INFORMATION PROVIDED -
* * * * *
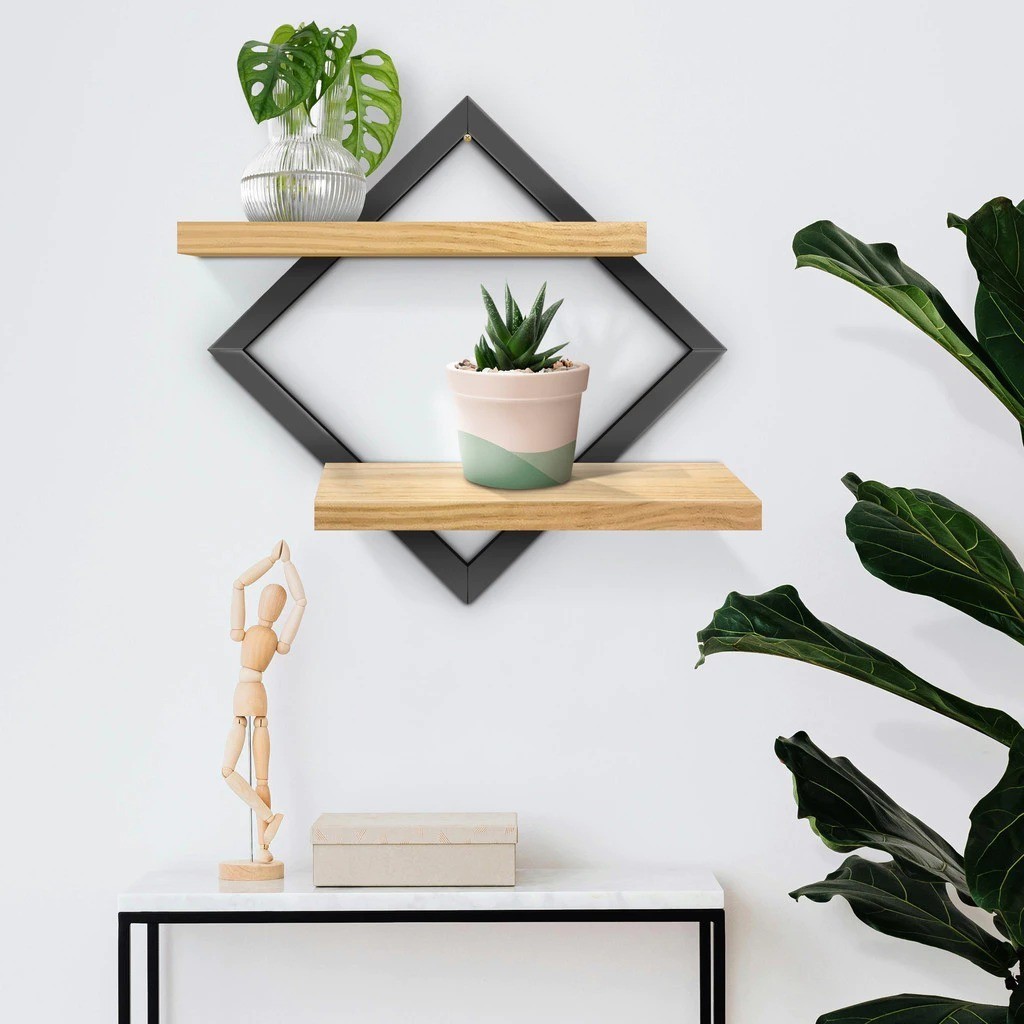 Quadro Decorativo Em Pinus Prateleira Dupla Nicho Expositor Organizador Decoração De Parede Com Bordas
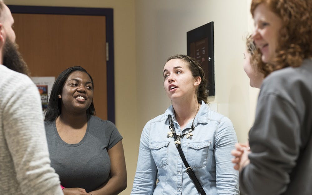Christal Burnett and Katie Acton from CRU talk to the Carry the Love event leader Graham Marshall before the event Monday night. After students mingled with their friends and leaders for the event, they filed into the Wilke Auditorium for a night of worship.
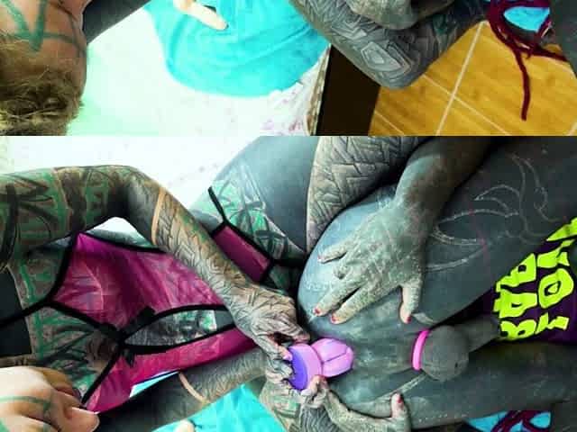 Tattooed teen double screwed
* * * * *
WHAT IS REQUIRED -
Pictures aside, return all of the material exactly as written.

RESULT -
 Quadro Decorativo Em Pinus Prateleira Dupla Nicho Expositor Organizador Decoração De Parede Com Bordas
Christal Burnett and Katie Acton from CRU talk to the Carry the Love event leader Graham Marshall before the event Monday night. After students mingled with their friends and leaders for the event, they filed into the Wilke Auditorium for a night of worship.
 Tattooed teen double screwed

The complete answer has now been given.